▶ [What is needed] Beginning at the line that holds "Mix/バトンガール Mix) |", transcribe each line exactly through the end of the records, and leave any pictures out.

▶ [The data]

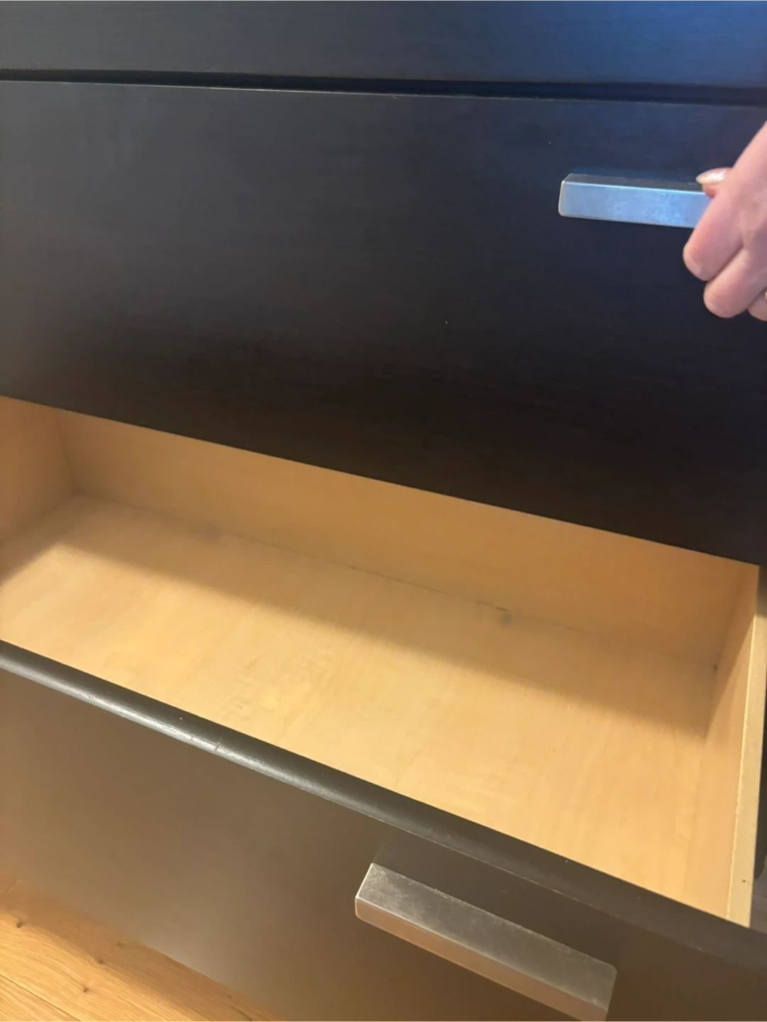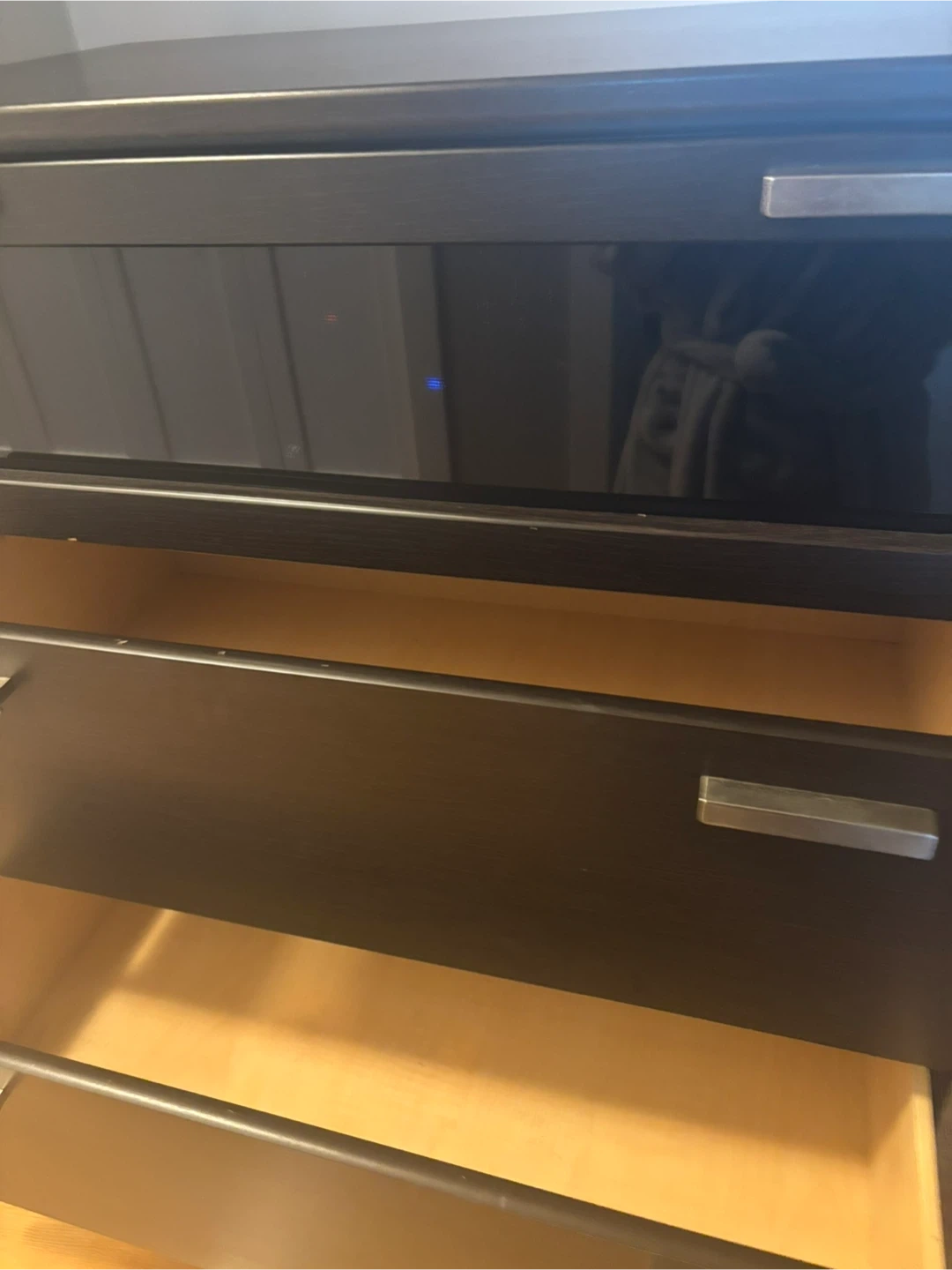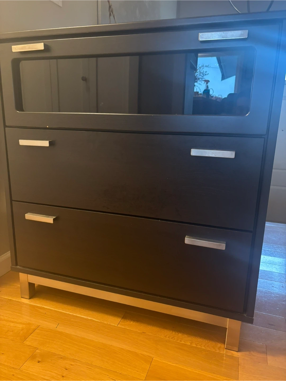 Selling a dark brown dresser in good condition. It features three drawers and a cabinet with a shelf. Perfect for adding storage to any bedroom or living space
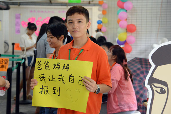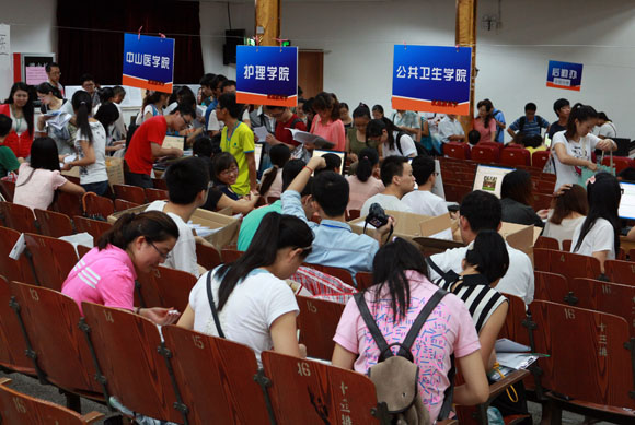 社会学与人类学院2013级研究生丁同学,对于中大的迎新活动印象深刻。她说:“我一出到地铁口就有同学在那边举牌引路,这里太热情了!今天的新生报到手续也很方便。”
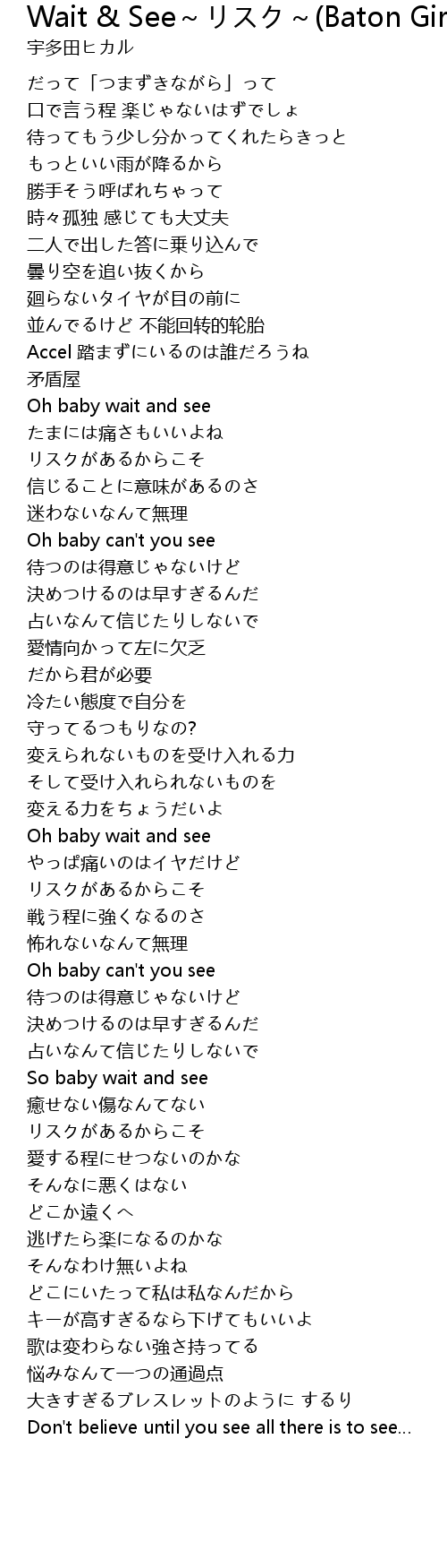 | Song | Wait & See~リスク~(Baton Girl Mix/バトンガール Mix) |
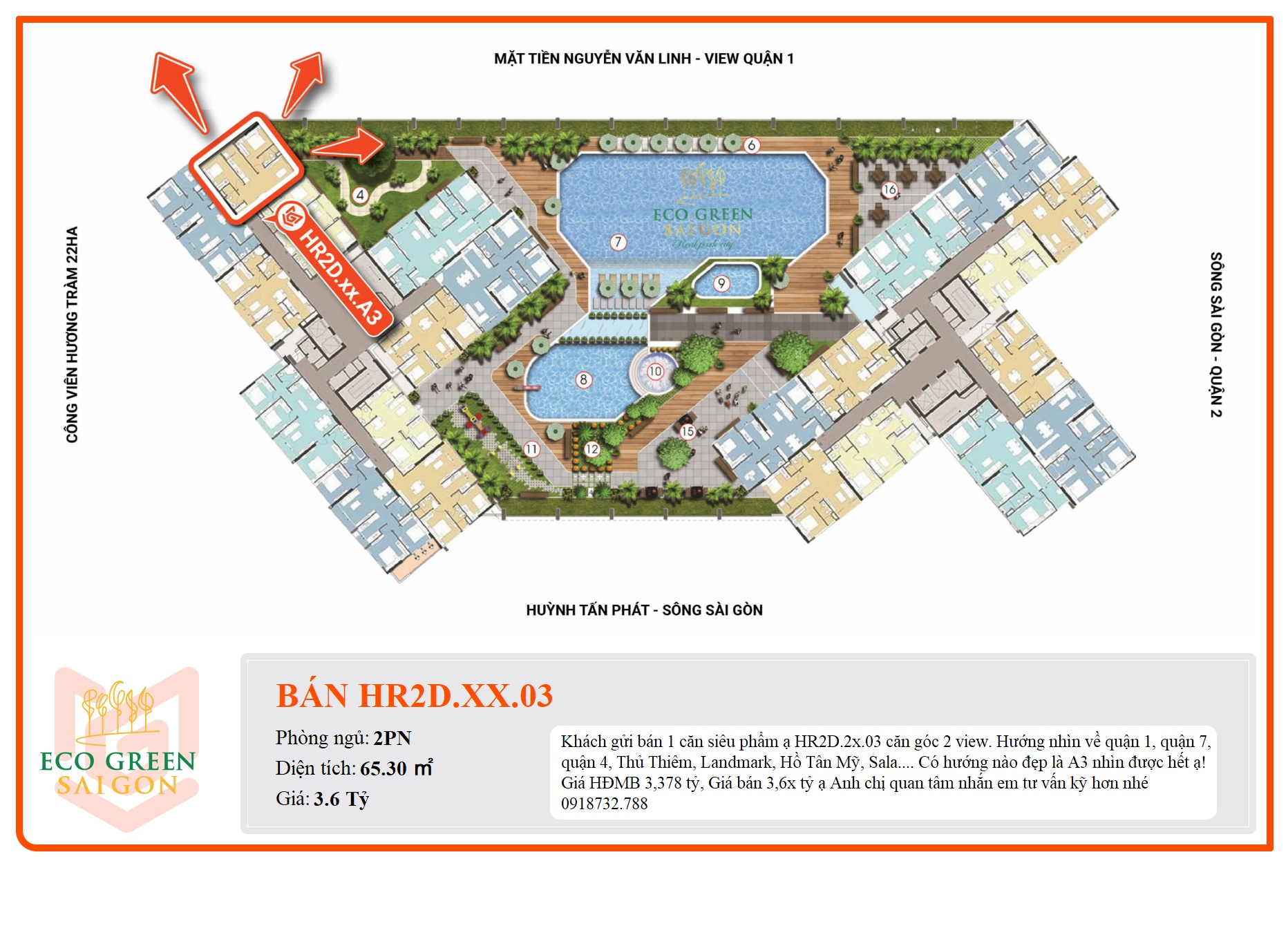 HR2D.2x.03 căn góc 2 view. Hướng nhìn về quận 1, quận 7, quận 4, Thủ Thiêm, Landmark, Hồ Tân Mỹ, Sala.... Có hướng nào đẹp là A3 nhìn được hết ạ!
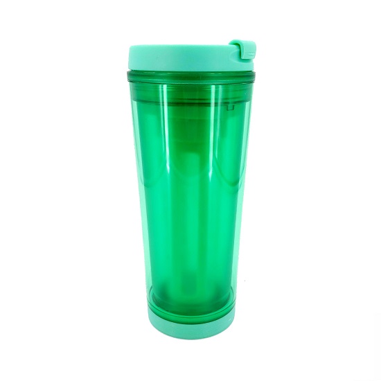 This BPA free PP thermal tumbler comes with a tea filter and has a high gloss, hard and smooth texture. It has a double wall construction and can keep hot drinks hot and cold drinks cold. The thermal tumbler is covered with a straw-friendly lid and can be printed with logos for using as a promotional gift.
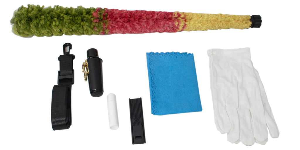 Un estuche ligero, una correa para el cuello, un paño de limpieza, una varilla de limpieza, un par de guantes y una caña.

▶ [Task result]
 | Song | Wait & See~リスク~(Baton Girl Mix/バトンガール Mix) |
 HR2D.2x.03 căn góc 2 view. Hướng nhìn về quận 1, quận 7, quận 4, Thủ Thiêm, Landmark, Hồ Tân Mỹ, Sala.... Có hướng nào đẹp là A3 nhìn được hết ạ!
 This BPA free PP thermal tumbler comes with a tea filter and has a high gloss, hard and smooth texture. It has a double wall construction and can keep hot drinks hot and cold drinks cold. The thermal tumbler is covered with a straw-friendly lid and can be printed with logos for using as a promotional gift.
 Un estuche ligero, una correa para el cuello, un paño de limpieza, una varilla de limpieza, un par de guantes y una caña.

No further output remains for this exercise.